In fact, the doctors group asserted, only about 67 percent of the DMHC's survey audits are in line with the NCQA, and even that figure could be optimistic. Audit areas considered "highly consistent" didn't appear so consistent to the CMA on close inspection — including one section on quality management and improvement and another on practitioner availability.
Recent changes in California law have created an even wider divergence of approaches, and recent decisions by the DMHC finding health plans deficient in key areas would probably have gone unnoticed by the NCQA accreditation process, according to the CMA.
Bottom line: "Under all of these circumstances, health plans in California would be subject to less stringent regulation and oversight of quality of care." And the high standards of California, CMA adds, would be replaced by the "lowest common denominator" of a national accreditation group.
For his part, the NCQA's Sorian says that the critics are either wrong or just lack the facts.
As for the charge that the NCQA is not sufficiently independent, says Sorian, "It's absolutely not the case. We're an independent, nonprofit organization under section 501(c)(3) of the Internal Revenue Code " with only one of 16 board members employed by a health plan. Nobody at NCQA is looking to gut or even weaken the state's managed care review process.
"We believe in being tough," says Sorian, "but not when it's just a matter of duplication."
As for the CMA's objections: "As the knowledge level of what NCQA does and how it does it have become much clearer, that comfort level will increase," says Sorian. "Clarity will help them; I wouldn't expect them to be opposed."
Sorian emphasizes that the NCQA is ready and willing to sit down and discuss the situation with all the managed care players in California, and nobody is being dismissed out of hand. The NCQA has also felt that it has bent over backward to see where the state review and its own reviews match or don't match.
The NCQA sat down with the DMHC to do a line-by-line comparison of their surveys, says Sorian. In the end, he says, they agreed that about 75 percent of the survey was a duplicate of the state's. In a few cases, the state was tougher than the NCQA and in a few cases NCQA had tougher standards.
But Sorian is quick to add that the NCQA has already signaled its readiness to work with the state agency, changing its process in California so that future surveys in that state would use the state's tougher standards. The only important question for the department to answer is whether it wants to apply the NCQA's tougher standards that remain in the balance.
The delegated process could be rolled out for the 10 biggest health plans in the state, with 83 percent of all covered lives. Smaller health plans without sufficient numbers of members to be accredited by NCQA could still be directly reviewed by the agency.

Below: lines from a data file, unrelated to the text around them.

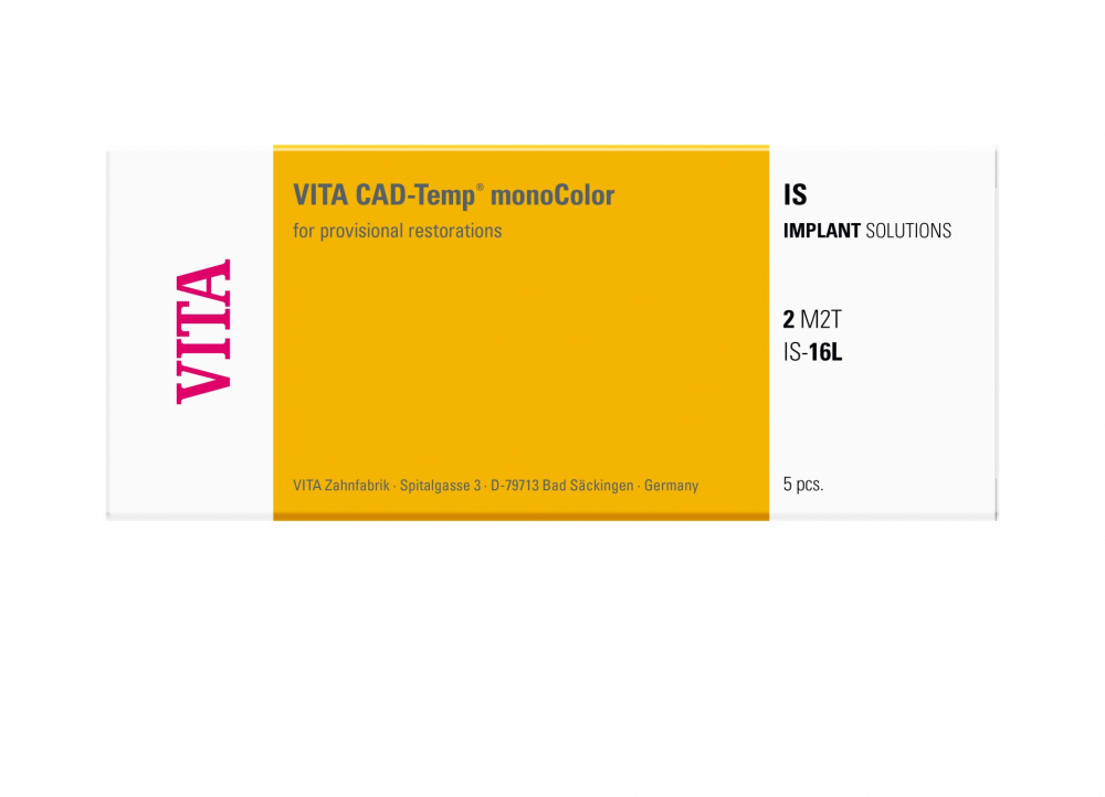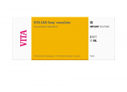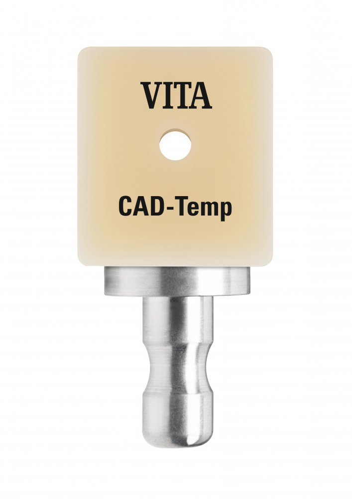 Bloky z kompozitu, ktoré sa vyznačujú integrovaným rozhraním (otvorom) pre adhezívnu / titánovú bázu k dispozícii ako kompozit VITA CAD-Temp IS na dočasné náhrady.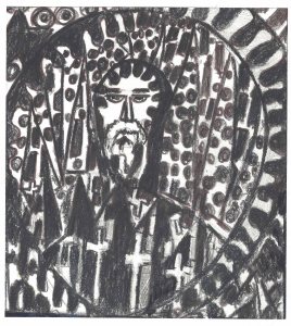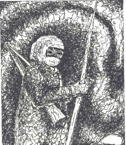 Desert Patriarch; Felt-tip pen and coloured pencil on paper.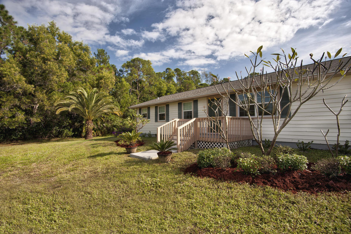 This light and bright, charming 3/2 with oversized 2 car garage on huge 1+ acre lot is located on a quiet street. This lovely home has a canal all along the east side of the lot that provides plenty of privacy. There is a delightful pond in front. This wonderful home features two decks, one at the front entry and in back, overlooking the large yard. The living area has a vaulted ceiling, tile floors and french doors leading to the outside entertainment area. The kitchen opens to the sunny dining room. The master suite is generously sized. New composite decks in 2015. Fresh paint. New roof 2005. Lush landscaping. Room for pool and/or extra building. Own your own piece of paradise today!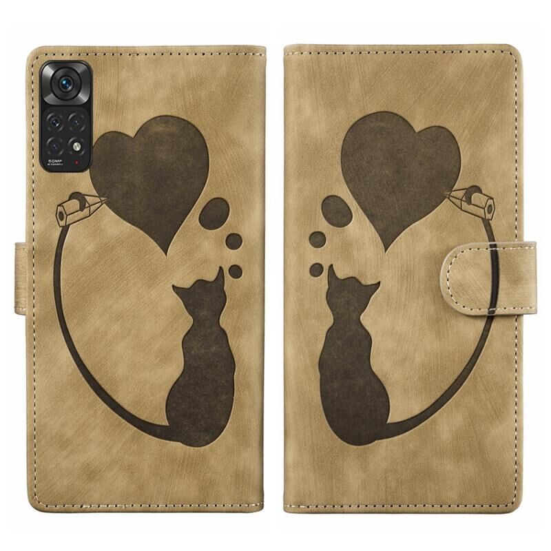 Θήκη τηλεφώνου από δέρμα με ανάγλυφο σχέδιο καρδιάς και γάτας για Xiaomi Redmi Note 11S 4G / Note 12S (Βερίκοκο)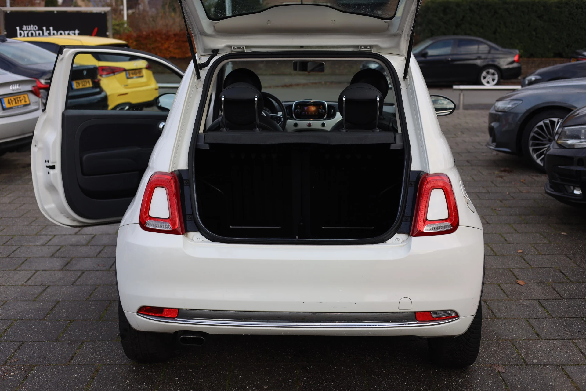 Laat die grotere auto's maar ploeteren in de stad. Deze Fiat 500 komt overal en past overal. Klein in kosten, groot in gemak! Onder de motorkap zit een benzinemotor met twee cilinders, die zeer zuinig is. Deze Fiat 500 komt in de luxe uitvoering, inclusief lederen interieur. Een heerlijk zonnetje, of indrukwekkende wolkenpartijen? Bekijk ze onbelemmerd door het elektrisch bediende glazen panoramadak. Natuurlijk behoren 15 inch lichtmetalen velgen, LED-dagrijverlichting en in delen neerklapbare achterbank ook tot de uitrusting van deze complete auto.

There are definite advantages to having states switch to NCQA reviews, says Sorian. Health plans would see an added benefit in gaining NCQA accreditation and a bigger return on the fees that they pay the organization, in the form of a reduction of costs for state review.
Other states haven't had the same struggle as California, sometimes replacing the entire state review process with the private survey. For example, plans have to be accredited by the NCQA to operate in Maine.
In Tennessee, says Sorian, the Medicaid program, TennCare, has made NCQA accreditation a condition of doing business with the state. In other cases, states may decide to use just one category of the NCQA review, such as meeting state requirements on providing an effective appeal process for people who have been rejected for coverage.
As of now, California is still considering what, if anything, it will do.
"We just wanted to get some input to see if we wanted to develop a proposal," says DMHC spokesperson Lynn Randolph. The agency expects to hold a follow-up meeting with Health Access and others, but there's no schedule for deciding on whether the state will seek a deal with NCQA or not.